Hi OP,
We're in a similar position. Why have two kids, 4.5 and 2.5 years old and just moved cities, living abroad from family. I'm currently due in two weeks, or four weeks max, iykwim.
First labor was inducen post-dates. Second time around, we had a list of about three or four expat friends who had babies the same age as my eldest, who were willing to come and collect, or receive our older kid when I went into labour. They all lived relatively close, in the same city. We pitched it as a childcare swap thingy, and we paid them back in staggered babysitting, a few hours here and there. It worked out really well for us.

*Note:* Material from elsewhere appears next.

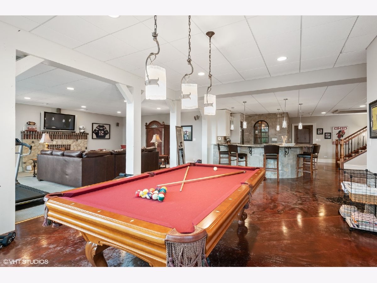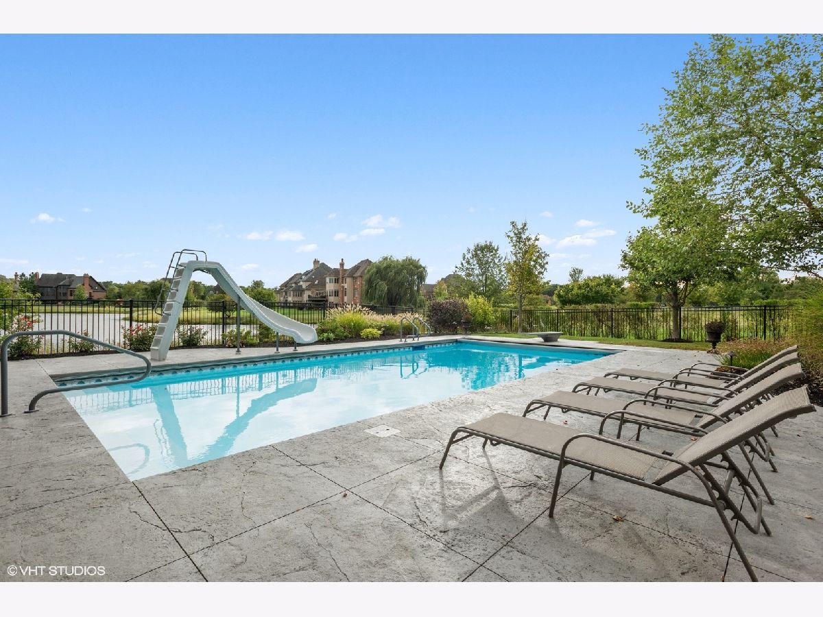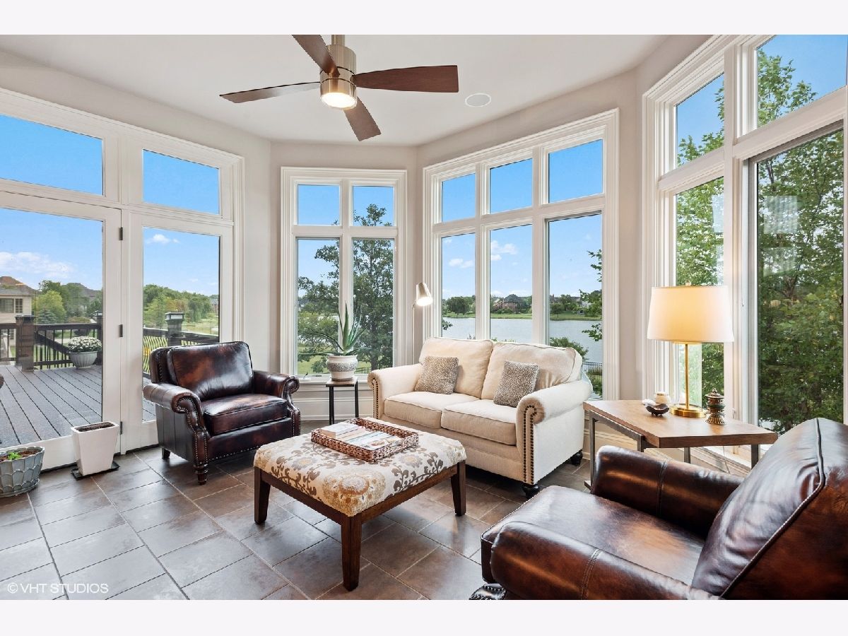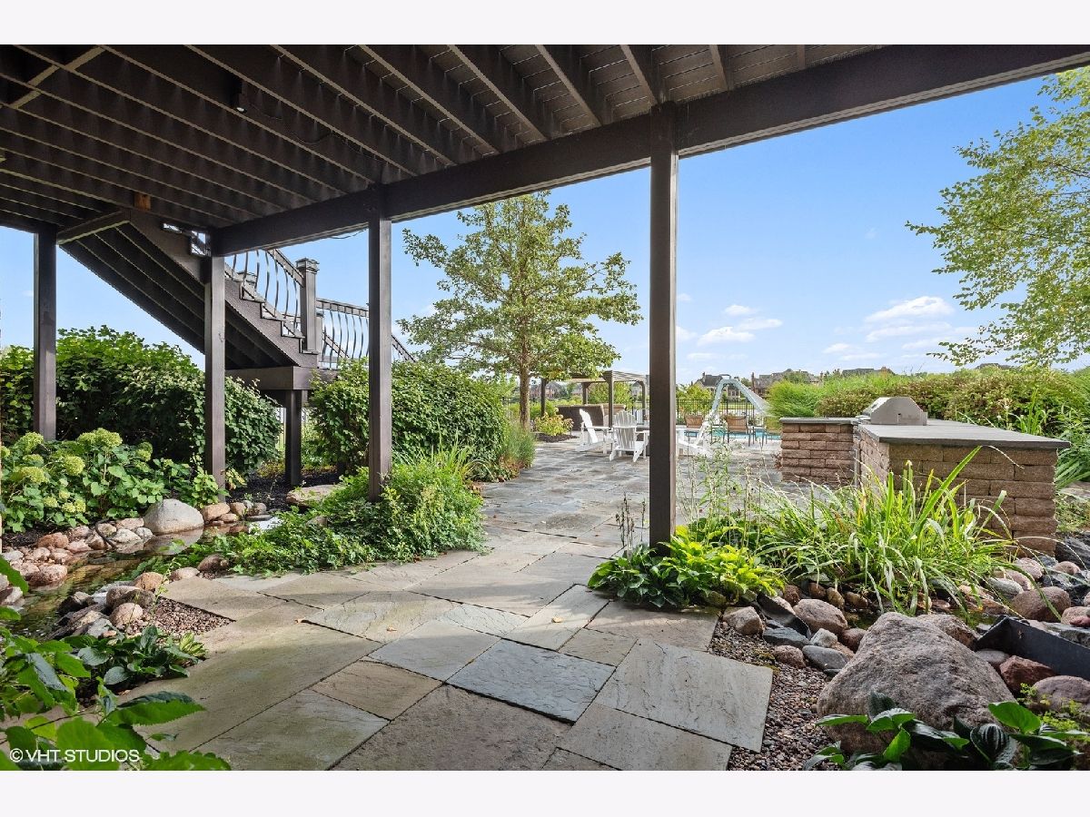 An exceptional opportunity awaits you!! Embraced by clean & modern lines, discover a stunning architectural masterpiece within the highly sought-after Prairie Lakes subdivision! As you walk into this home, you are welcomed by a grand two-story foyer boasting crown molding throughout, & rich details. From the foyer, you are brought into the elegant martini room which features crown molding, a gorgeously designed ceiling medallion w/ gold accents, wainscoting, warm tone hardwood flooring, & exterior access to an additional sitting area w/ brick pavers, perfect for entertaining! The dining room is located just across the foyer, w/ clean, white lines, large bright windows, stunning light fixtures, and easy flow from the kitchen area. The kitchen is a chef's dream w/ beautiful exposed stone, a custom backsplash, high-end appliances, & a view to one of the incredible lakes within the subdivision. This kitchen has abundant custom cabinetry and a spacious walk-in pantry! The oversized island features a second sink, dual refrigerator drawers, and a wonderful breakfast bar area. From the kitchen, you will flow into the eating area with access to the grand butler's pantry. The butler's pantry boasts a wine refrigerator, sink, wine rack, stemware rack, and beautiful granite countertops. Another wonderful feature is the sunroom, offering a bay window wall, ceiling fan, and exterior access to the 2nd story Trex deck ( Newly installed 2020). The family room of this home is exceptional, boasting a soaring box-beamed ceiling, large bright windows, plush carpeting, gas log fireplace, and custom drapes. Additionally, on the main level, you will find a highly detailed office, mudroom, and 1.5 bathrooms. The office is complete with wainscoting, a box-beamed ceiling, and exterior access to the 2nd level Trex deck w/ incredible views of the lake. The mudroom of this home features a custom built-in cubby station, laundry space, & exterior access. On the second level, you will discover an extraordinary master suite & additional detailed bedrooms. The master suite is complete w/ a large sitting area, expansive custom closet space, & an ultra spa-like bathroom. The master bedroom features French doors, a vaulted ceiling, crown molding, & a large, bright window. The walk-in closet is perfectly sized & has the opportunity to have a second laundry. A spa-like bathroom with custom his & her vanities is complete with a luxurious tub, and an exceptional walk-in shower! The additional bedrooms are complete w/ plush carpeting, ceiling fans, bright windows, & private en-suite bathrooms. The lower level is incredible featuring radiant flooring within the stamped concrete areas! The walk-out lower level boasts a luxurious wine cellar, unique wet bar, billiard room, space for a poker table, second family room, 5th bedroom, and plenty of storage. The wine cellar holds approximately 330 bottles of wine, perfect for the wine connoisseur! Flowing from the wine cellar, you will find a stellar wet bar boasting beautiful granite countertops, & a large beverage refrigerator. The large second family room is perfect for entertaining with plush carpeting, fireplace, & large bright windows. The 5th bedroom within the walk-out lower level boasts beautiful flooring, a full bath, & a large bright bay window. The exterior of this home is exceptional! From the walk-out lower level, you are greeted by a peaceful running pond. A bluestone patio is complete w/ an outdoor kitchen area with a built-in grill, granite countertops, and a built-in cooler space. You will find a pergola offering an additional area for seating located just outside of the wonderful pool area featuring a slide & diving board! The four-car garage boasts epoxy flooring, heat, & custom shelving w/ a stamped concrete driveway. This home is one of the best to be found within the Prairie Lakes community & you will NOT want to miss it. Please find more seller upgrades within the additional information

This time around, like I said, we've just moved city and don't know many people, and obvs it's that difficult time of year. I've just spent today asking a heap of people that I don't really know, what it consider to be a massive imposition. However, I also know that I will find it very difficult to relax enough to let go and labour, if I'm not relaxed about what's happening withthe kids. Our priority is that it be someone that our kids already know, and they are few and far between. The most obvious choices being: mothers of I similar aged kids; crèche staff; grandparent-types; known babysitters... So today I asked our cleaning lady and offered her money and she was clearly delighted to be asked and very happy to be available, said to let her know as soon as I thought things were kicking off and spent a few minutes playing with my kids and telling them they might see her when the baby is coming. This was so comforting to me. Even though I know realistically we need a few people lined up, just in case. I also asked in my sons crèche, and have been offered a list of contacts of the ladies who work there who are available. Again, we obviously are expectingto pay for this as a "babysitting service", however, for me the peace of mind makes it worthwhile. Another person we plan on asking formally, and who has already offered to be available is a friends mother, with whom we have a pretty good relationship, and who helped us out with emergency childcare for a week previously. Said friend may also be around, depending on if it's an actual holiday day, and has a kid the same age as our youngest one. I'm sure we can pay them back in kind.
One of journey pm others will then come out to stay with us for a while after the baby arrives, but I'd like a few days to be a new family together before that happens.
So, that's it really. I won't be happy until we have a substantial list of people available. We are expecting to have to pay, and I understand that may be difficult for you, but there are ways to repay people that isn't straight money, and it sort of is to be expected when you live far away from family.
As it was with our second kid, we called my mother when I was, as I thought, a fairly long time into labour, and she arrived at the hospital a good two hours before the baby was born. Which was a bit weird...
I wouldn't hesitate to help out someone in he same situation, im ion, im sure almost anyone in a similar position would feel the same. I think you should ask people, as many as you can. Express that you don't mind if they can't, and give them time and space to make excuses if they need to, and it think you'll be pleasantly surprised at how people will be happy to help out.
I did read somewhere, I think it was Ina May, or maybe Michel Odent, that second time mums after start labour at night time, just after the older kid/so have gone to bed, because that's when she's most relaxed, and also gives the longest uninterrupted stretch before needing to find someone to look after her older kids. It was true for me, contractions started strong and regular at ten pm, just that my second a labour was very long!
Either way, best of luck and I hope it all goes great for you!!!!